======== MATERIALS PROVIDED

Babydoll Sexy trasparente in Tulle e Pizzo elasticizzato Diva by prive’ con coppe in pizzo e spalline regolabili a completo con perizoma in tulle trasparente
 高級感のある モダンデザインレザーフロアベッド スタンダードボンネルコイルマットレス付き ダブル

================
======== MATERIALS PROVIDED

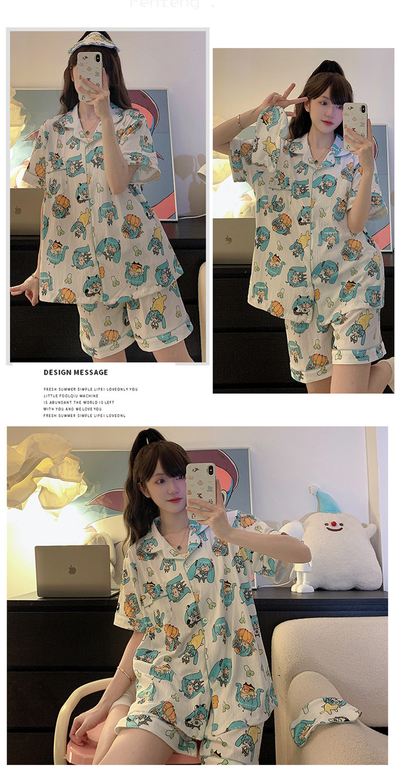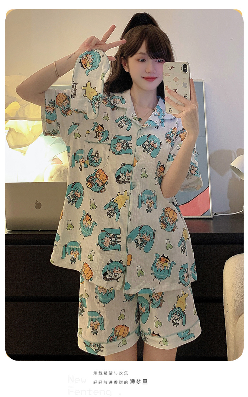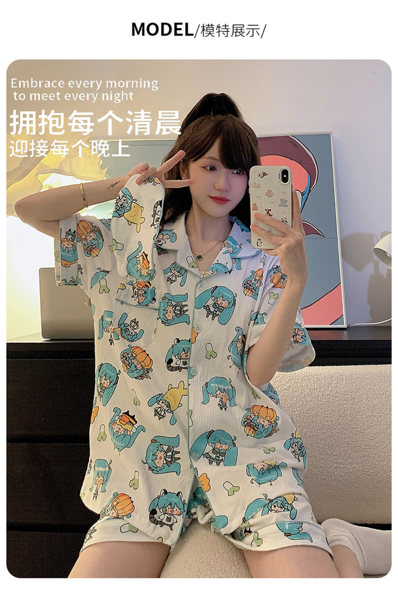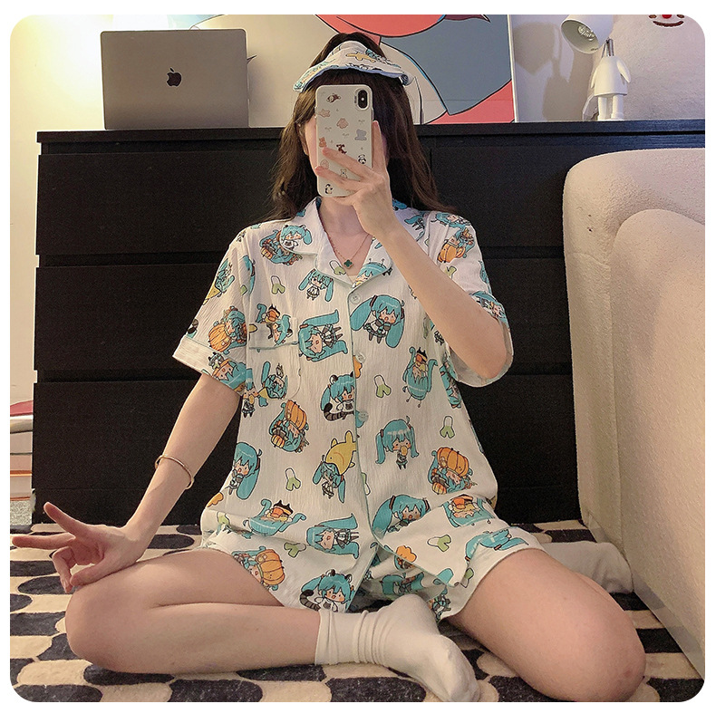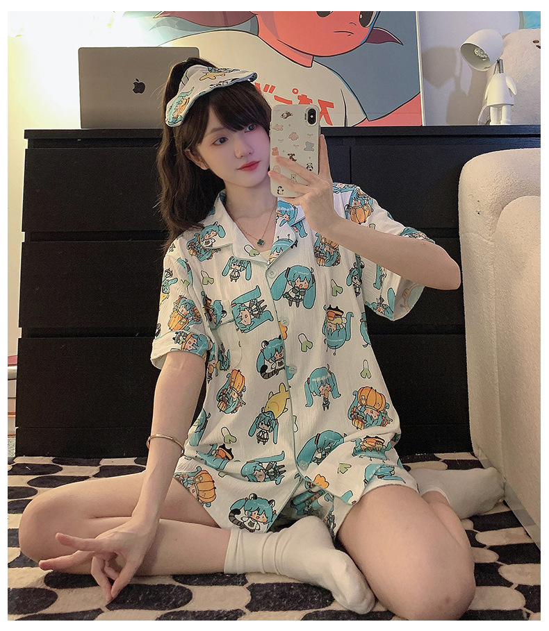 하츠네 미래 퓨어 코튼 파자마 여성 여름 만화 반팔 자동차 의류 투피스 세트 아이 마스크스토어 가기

================

__WHAT IS EXPECTED__:
Reproduce exactly the lines above from the line with "Babydoll Sexy trasparente" to the line with "高級感のある モダンデザインレザーフロアベッド スタンダードボンネルコイルマットレス付き", including both, and add nothing.

__ANSWER FOR THE TASK__:
Babydoll Sexy trasparente in Tulle e Pizzo elasticizzato Diva by prive’ con coppe in pizzo e spalline regolabili a completo con perizoma in tulle trasparente
 高級感のある モダンデザインレザーフロアベッド スタンダードボンネルコイルマットレス付き ダブル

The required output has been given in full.